図3。イソプロテレノールの0.1 mg / kgを注入時分泌顆粒のエキソサイトーシスを示す代表的なタイムシーケンス。分泌顆粒は、細胞膜(アスタリスク)に近い画像化した。原形質膜との融合の後、GFPのレベルは、分泌顆粒の周囲Sが有意に(緑の矢印)を増加させ、TD-トマトペプチドは、その制限膜(赤い矢印)に拡散する。分泌顆粒を徐々に崩壊し、それらの頂端膜は原形質膜に組み込まれている。バーは5μm。
表1。材料
表2。楽器
これまでのところ、細胞内構造は、 インビトロ ( すなわち 、細胞培養)またはex vivoで ( すなわち 、臓器培養、組織切片、腺房の準備)は、多くの場合、完全な生体組織6の特性を再現しないモデル系で主に画像化されています。それは生きているマウスでは、特定の膜輸送の段階( すなわち規制エキソサイトーシス)の動態を画像化することができますので、この点では、ここで紹介するアプローチは、大きな進展を表しています。
このプロトコルは、体腔10,11,13-15内のSGや他の臓器のin vivoイメージングのために設計された他の手続への点で重要な進歩を表しています。マウスと比較した場合、我々の以前の研究のいくつかは、外科的処置に対してより弾力性のあるラットに行っ大きな器官を有しており、心拍数を低減した。 、マウスでの手順は設定が困難ですが、いくつかのADVAを提供疾患モデル、トランスジェニックおよびノックアウト動物のより広いスペクトルを使用する可能性を含むntages。さらに、このアプローチが成功従ってリスク低減露出器官に適用される圧力をよりよく制御設けること、運動アーチファクトを最小化:i)の血流を低減し、ii)の組織構造を損傷すること、およびiii)正常な機能を損なう臓器の。これは、我々は、臓器ホルダーによって生成された制約を排除し、安定剤10,11を導入することで解決の主要な関心事である。

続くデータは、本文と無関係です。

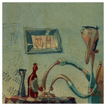 This was a photoshoped compositie from three or four seperate sketches (you might recognise the sink from "Illuminated Soliloquy")Related content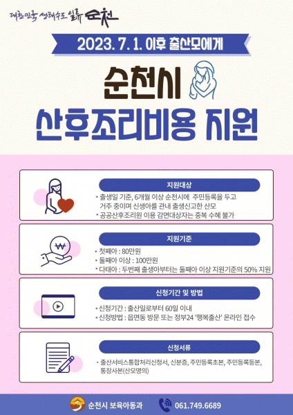 [¹Ìµð¾îÀü³² ÀÓ¼º¿Ï ±âÀÚ] ¼øÃµ½Ã´Â ¿À´Â 7¿ù 1ÀϺÎÅÍ °ü³» Ãâ»ê¸ð¸¦ ´ë»óÀ¸·Î »êÈÄÁ¶¸®ºñ¿ëÀ» Áö¿øÇÑ´Ù°í ¹àÇû´Ù. Áö¿ø ´ë»óÀº Ãâ»êÀÏ ±âÁØ, 6°³¿ù ÀüºÎÅÍ ½Ã¿¡ Áֹεî·ÏÀ» µÎ°í ½ÇÁ¦ °ÅÁÖ ÁßÀÌ¸ç ½Å»ý¾Æ¸¦ ¼øÃµ¿¡ Ãâ»ý ½Å°íÇÑ »ê¸ðÀÌ´Ù¡¦

このプロトコルにおいて最も重要なステップの一つは、動物において、露出した器官の両方で適切な温度を維持することである。実際に、麻酔は、重度の低体温を誘導し、適切な体温を維持することは著しく実験終了前に死亡する可能性を低減する。また、公開される臓器は、急速に外科プロシージャの両方の間に外部環境と熱交換eduresとイメージング。温度の局所的減少が深刻なエキソサイトーシスのステップの反応速度を遅くするので、加熱ランプ、対物レンズヒータと、カップリングゲルまたは温かい生理食塩水のいずれかで湿った腺を維持してを使用して、それを防ぐために重要である。環境室で顕微鏡を完全に囲いはまた、温度を制御するための良い解決策である。別の重要なステップは、血流の安定化および維持の間の適切なバランスを達成することである。実際に、適切に安定化されていない製剤では、サイズがミクロン範囲内にある分泌顆粒の速度論に従うことは非常に困難である。一方、巨大な空胞が存在し又は調節性エキソサイトーシスの有意な阻害の形成の血液供給の減少をもたらす。このバランスを達成するためには、常に血流を監視し、臓器を安定化させるために圧力をかけながら、細胞損傷の徴候を確認することが重要である。

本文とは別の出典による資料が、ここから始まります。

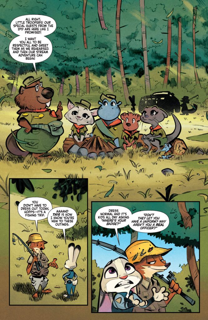 The central plot of Zootopia #5 revolves around the scout troop and their enigmatic Den Mother. While Nick, drawing on his own past as a scout, is quick to bond with the kids and help them with their survival skills, Judy’s sharp instincts tell her something is amiss. Her suspicions are piqued by the Den Mother’s curriculum, which seems to involve an unusual amount of panning for gold. This creates a fantastic dynamic between our two heroes: Nick’s nostalgia and desire to connect with the kids blinds him to the potential danger, while Judy’s by-the-book detective work drives her to uncover the truth.

このプロトコルには2つの主な制限は、取得の速度とイメージングの深さである。検流計ベースの共焦点顕微鏡は分泌顆粒が徐々に崩壊を可視化するのに十分な時間分解能を持っているが、これらはミリ秒のオーダーで発生融合前と融合イベントを次のことはできません。この態様は、共振スキャナを備えたスピニングディスク顕微鏡やレーザ走査型顕微鏡を用いて向上させることができる。深さの面では、共焦点顕微鏡は、唾液腺の表面下の最初の30〜50μmの取得を制限します。これは腺房構造の画像1層が可能になり、唾液管を画像化することはできません。この制限はあるが、空間分解能を犠牲にして、100〜150ミクロンの深さまで撮影を確実にする二光子顕微鏡を使用することによって克服することができる。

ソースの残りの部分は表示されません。